Task brief: The data below holds the lines to copy: everything from the line containing "Elegant deep red" to the line containing "여기서 https://map.google.... 는", both ends included, set down exactly.

Data to process:
━━━━━━━━━━━━━━━━
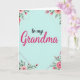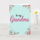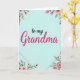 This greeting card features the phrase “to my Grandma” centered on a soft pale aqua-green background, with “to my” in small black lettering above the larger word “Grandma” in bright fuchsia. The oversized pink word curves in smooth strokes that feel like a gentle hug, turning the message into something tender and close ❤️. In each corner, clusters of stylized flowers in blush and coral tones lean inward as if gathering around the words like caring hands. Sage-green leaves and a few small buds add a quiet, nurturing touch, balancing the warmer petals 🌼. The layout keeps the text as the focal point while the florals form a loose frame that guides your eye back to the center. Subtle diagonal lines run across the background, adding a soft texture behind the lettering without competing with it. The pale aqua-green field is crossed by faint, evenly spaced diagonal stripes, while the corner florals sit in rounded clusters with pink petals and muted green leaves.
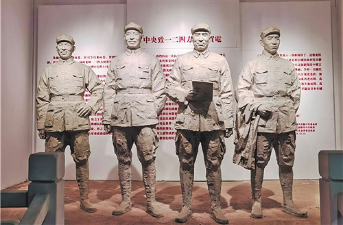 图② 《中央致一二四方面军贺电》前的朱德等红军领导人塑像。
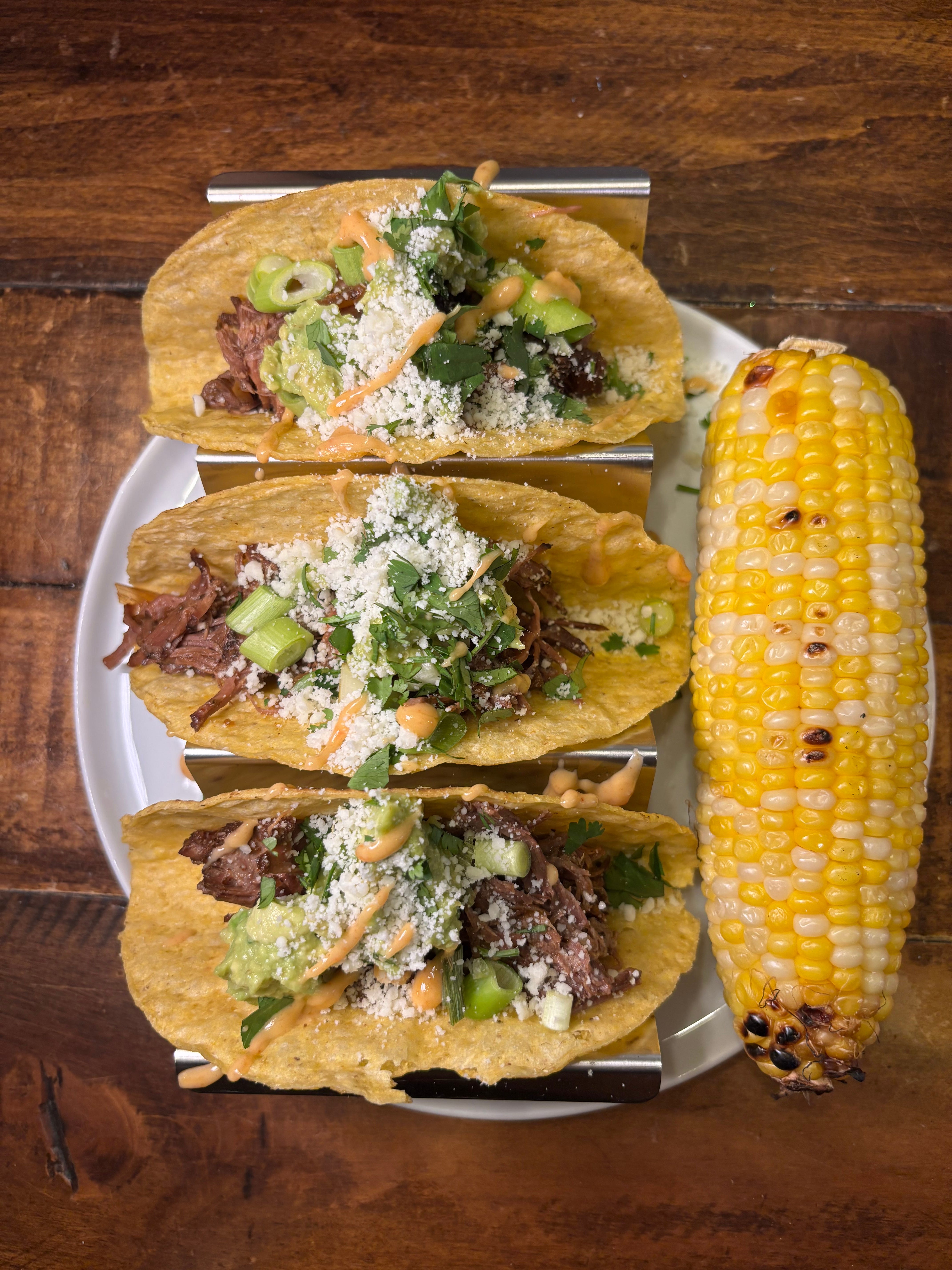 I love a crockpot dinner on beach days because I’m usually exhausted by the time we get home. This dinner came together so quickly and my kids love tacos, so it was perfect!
━━━━━━━━━━━━━━━━
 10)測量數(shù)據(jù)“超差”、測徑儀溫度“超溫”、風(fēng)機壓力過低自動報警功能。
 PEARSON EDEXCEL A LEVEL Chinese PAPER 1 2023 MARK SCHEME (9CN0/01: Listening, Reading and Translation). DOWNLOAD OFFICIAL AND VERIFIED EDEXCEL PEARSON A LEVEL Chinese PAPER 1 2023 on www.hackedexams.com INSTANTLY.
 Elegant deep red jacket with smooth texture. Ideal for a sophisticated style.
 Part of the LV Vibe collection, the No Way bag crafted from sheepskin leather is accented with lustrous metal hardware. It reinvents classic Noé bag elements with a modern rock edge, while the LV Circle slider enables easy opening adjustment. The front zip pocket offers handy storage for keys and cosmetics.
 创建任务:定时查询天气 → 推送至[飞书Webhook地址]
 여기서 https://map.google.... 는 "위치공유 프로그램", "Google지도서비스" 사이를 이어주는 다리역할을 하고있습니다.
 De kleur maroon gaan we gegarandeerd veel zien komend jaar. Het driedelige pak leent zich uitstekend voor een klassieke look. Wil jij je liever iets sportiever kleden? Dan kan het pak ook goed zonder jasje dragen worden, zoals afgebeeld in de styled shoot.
━━━━━━━━━━━━━━━━
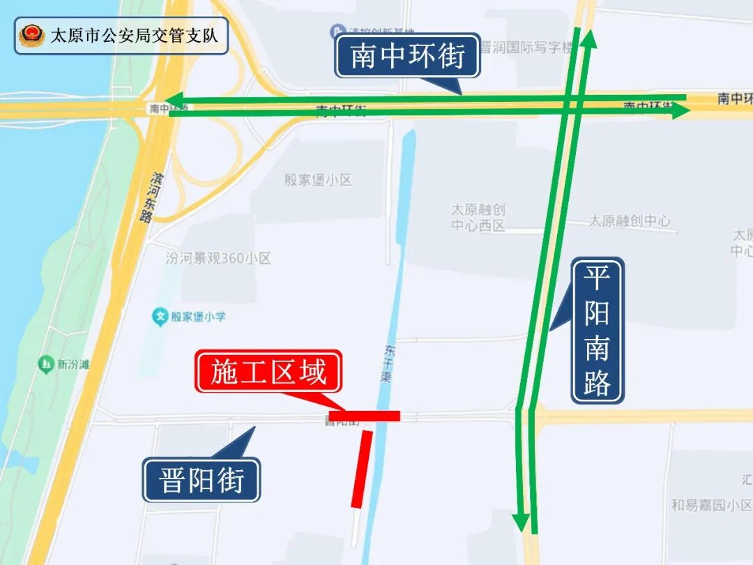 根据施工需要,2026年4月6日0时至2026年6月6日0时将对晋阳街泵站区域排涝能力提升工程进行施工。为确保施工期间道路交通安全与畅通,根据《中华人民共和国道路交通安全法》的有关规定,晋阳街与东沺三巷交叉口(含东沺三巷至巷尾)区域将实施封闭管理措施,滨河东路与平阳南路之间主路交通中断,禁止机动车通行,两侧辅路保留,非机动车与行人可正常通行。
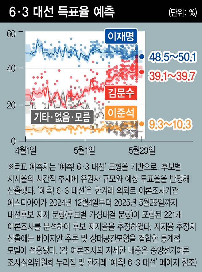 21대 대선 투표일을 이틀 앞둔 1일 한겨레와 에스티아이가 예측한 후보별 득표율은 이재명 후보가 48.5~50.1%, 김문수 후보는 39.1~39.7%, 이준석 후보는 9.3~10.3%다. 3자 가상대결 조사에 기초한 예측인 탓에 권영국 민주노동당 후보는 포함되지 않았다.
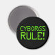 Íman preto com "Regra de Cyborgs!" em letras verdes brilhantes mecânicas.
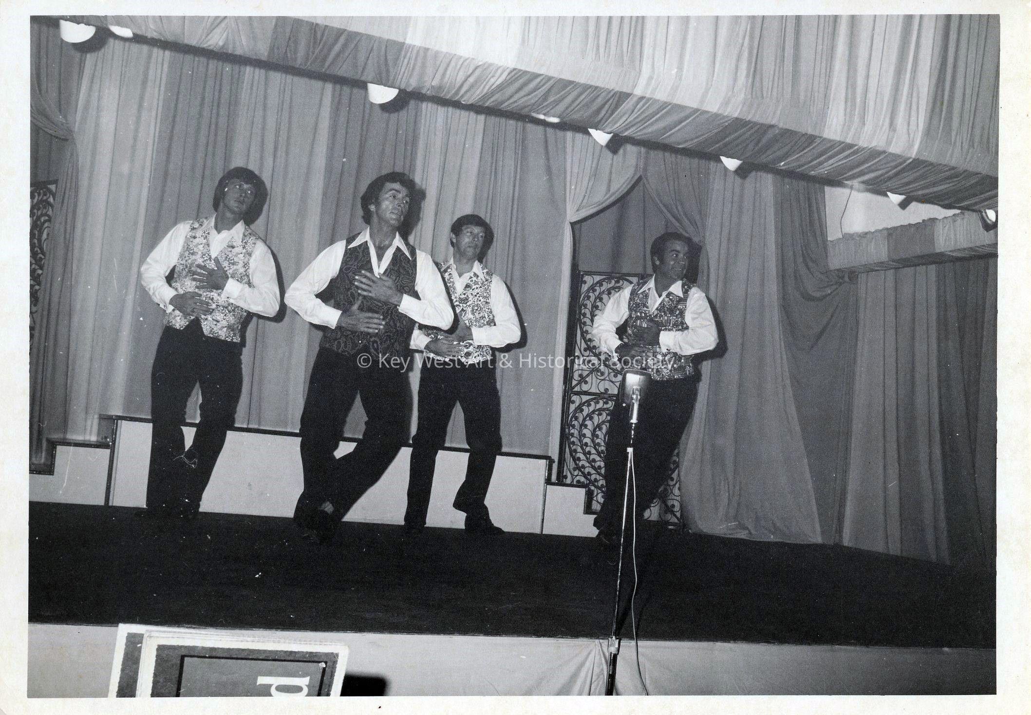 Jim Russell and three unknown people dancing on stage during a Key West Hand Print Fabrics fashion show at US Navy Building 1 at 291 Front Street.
━━━━━━━━━━━━━━━━
Result of this task:
 Elegant deep red jacket with smooth texture. Ideal for a sophisticated style.
 Part of the LV Vibe collection, the No Way bag crafted from sheepskin leather is accented with lustrous metal hardware. It reinvents classic Noé bag elements with a modern rock edge, while the LV Circle slider enables easy opening adjustment. The front zip pocket offers handy storage for keys and cosmetics.
 创建任务:定时查询天气 → 推送至[飞书Webhook地址]
 여기서 https://map.google.... 는 "위치공유 프로그램", "Google지도서비스" 사이를 이어주는 다리역할을 하고있습니다.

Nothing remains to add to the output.